Il personale del museo è competente e, con adeguato preavviso, può fornire visite guidate in inglese o russo. Vale le 90 minuti.

La questione fotografica

Gyumri è diventata, negli ultimi anni, oggetto di significativa attenzione fotografica da parte di fotografi sia armeni che internazionali. Il quartiere di Kumayri, con i suoi edifici in tufo nero e i balconi di legno intagliati, è visivamente abbastanza distintivo da attirare persone specificamente per il suo carattere architettonico. Il contrasto tra l’estetica delle case dei mercanti del XIX secolo e i blocchi più utilitaristici dell’era sovietica che riempiono il resto della città crea una tensione visiva che si fotografa bene.

Il risultato è una forma di attenzione che la città riceve con ambivalenza. I fotografi tendono a concentrarsi sulle superfici — le belle facciate, la vernice che si scrosta negli edifici più vecchi, la pittoresca povertà di certi quartieri. I residenti di quei quartieri a volte sono meno entusiasti di essere pittoreschi.

Lo menziono perché vale la pena essere un visitatore consapevole di sé a Gyumri. La città non è un set. Gli edifici che sembrano belli nelle fotografie sono anche le case delle persone, spesso ancora segnate dal terremoto in modi visibili nella struttura.

La Fortezza Nera è il soggetto più facile, perché è inequivocabilmente un monumento piuttosto che uno spazio domestico. Il fianco della collina sopra la gola del fiume Akhuryan offre le migliori angolazioni: luce lunga la sera, le mura scure contro il cielo, la gola visibile sotto.

Un’opinione onesta

Gyumri nel 2022 non è un posto che descriverei come pienamente arrivato a qualunque sia la sua prossima fase. La ricostruzione è ancora incompleta in certi angoli della città. La popolazione è ancora più piccola di quanto non fosse prima del 1988. Le condizioni economiche che hanno permesso la vita culturale pre-terremoto non sono state sostituite.

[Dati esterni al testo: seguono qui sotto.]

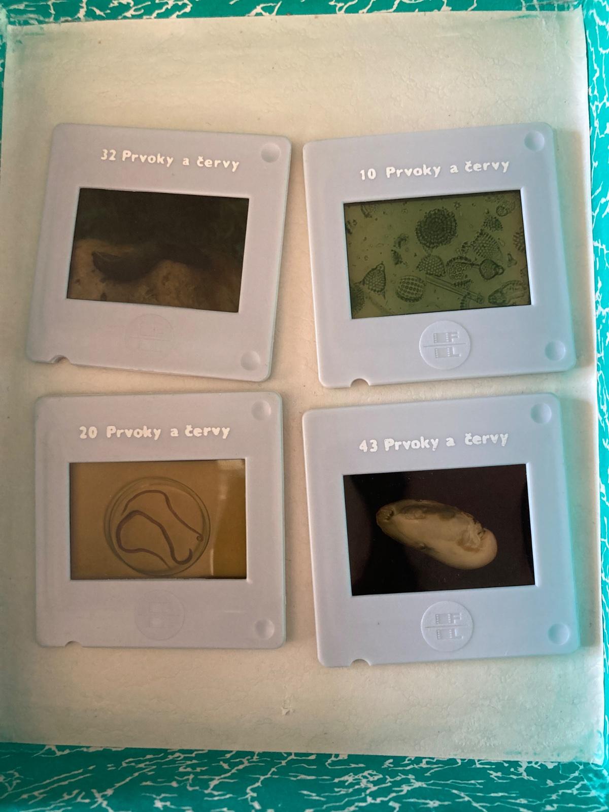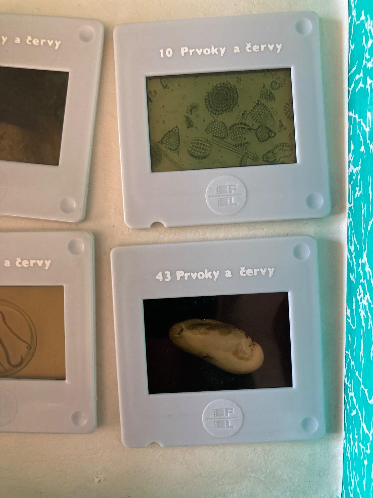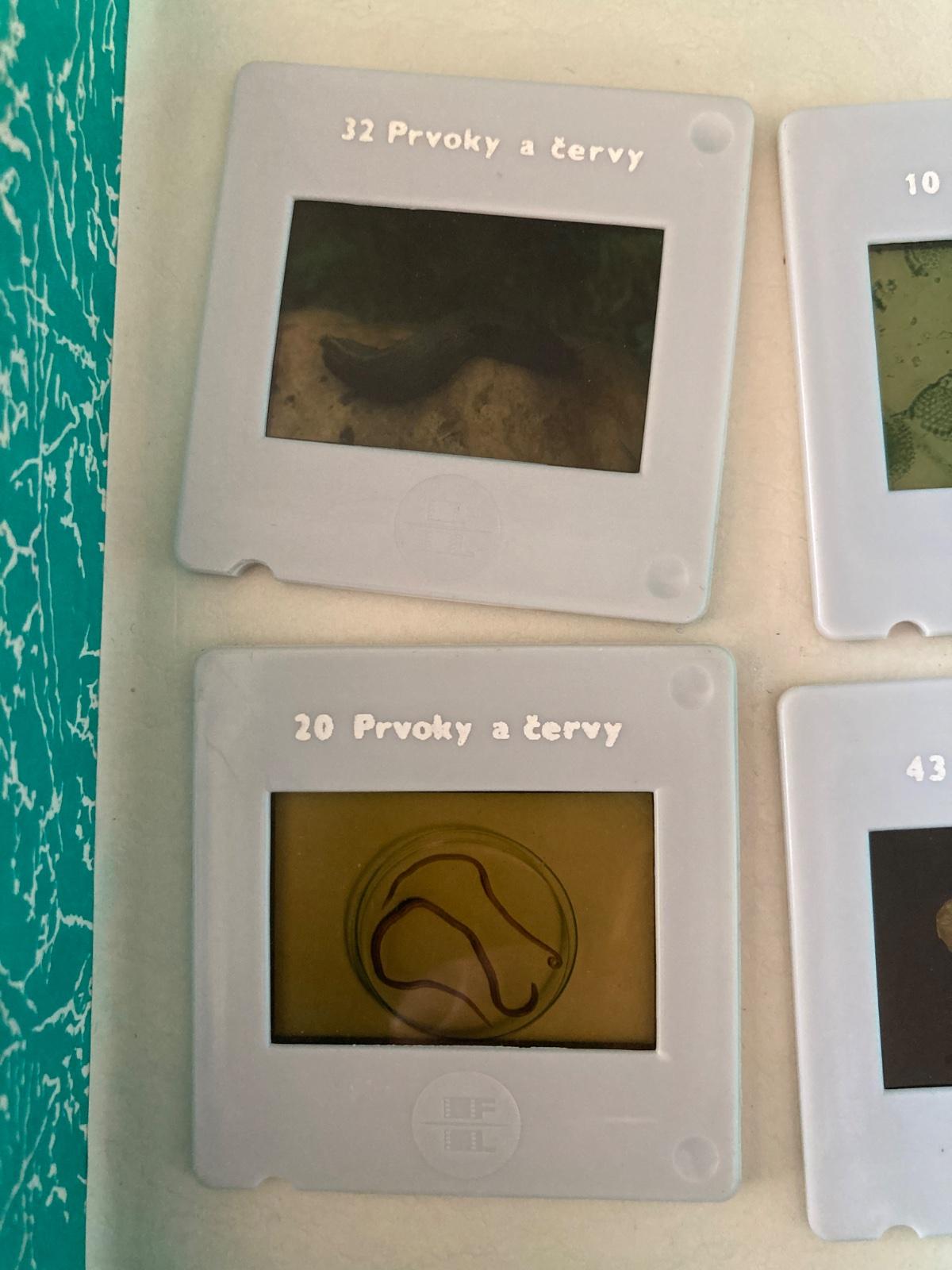 pekný stav, krásny starý retro školský súbor diapozitívov pre prírodopis a biológiu

Ma sta succedendo qualcosa. La giovane donna che ha aperto uno studio di ceramica in un edificio restaurato di Kumayri, l’architetto che ha scelto di basare il suo studio qui piuttosto che a Yerevan, il proprietario del caffè che acquista da agricoltori locali e organizza letture il venerdì sera — queste non sono parole di marketing. Sono prove di una città che, lentamente e alle sue condizioni, sta trovando la sua strada.

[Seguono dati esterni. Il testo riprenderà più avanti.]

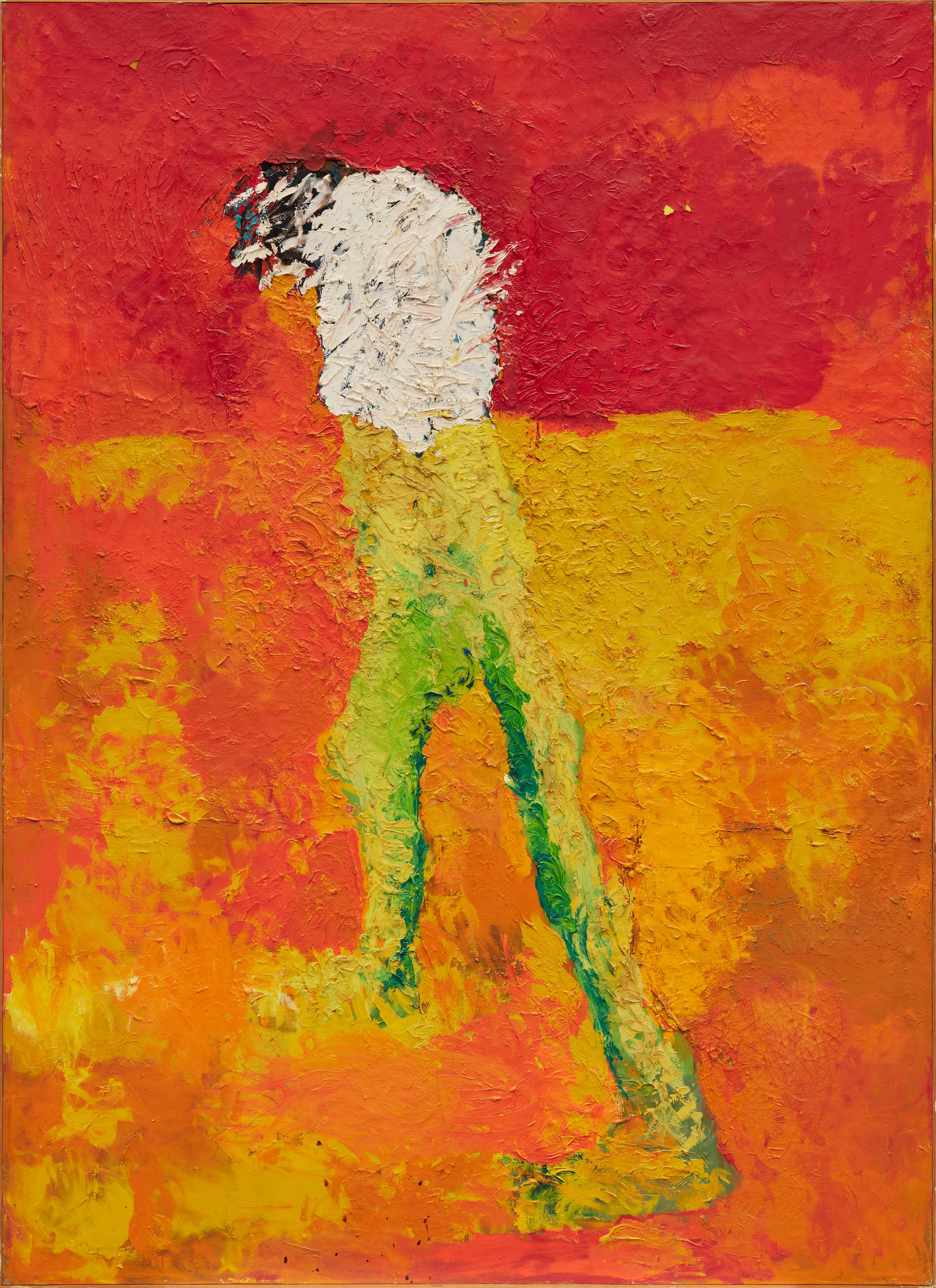 Krakelee in den pastosen Bereichen, teilweise mit hochstehenden Farbschollen und kleinen Materialausbrüchen (max. ca. 1 x 1cm). Ansonsten guter Zustand. Das Werk wurde für die Katalogbeschreibung nicht ausgerahmt.

Gyumri vale più di una gita giornaliera da Yerevan, che è l’itinerario standard. Il treno di 3 ore da Yerevan è comodo e panoramico attraverso la valle dell’Ararat. Trascorrere due notti qui — una per il centro storico e la Fortezza Nera, una per il Monastero di Harichavank nelle colline sopra la città e un pranzo adeguato al Cherkezi Dzor — ti dà accesso a una versione dell’Armenia che il circuito turistico principale non raggiunge.

Per la logistica, la guida alla destinazione Gyumri ha il dettaglio completo su come arrivarci, dove soggiornare e cosa vedere.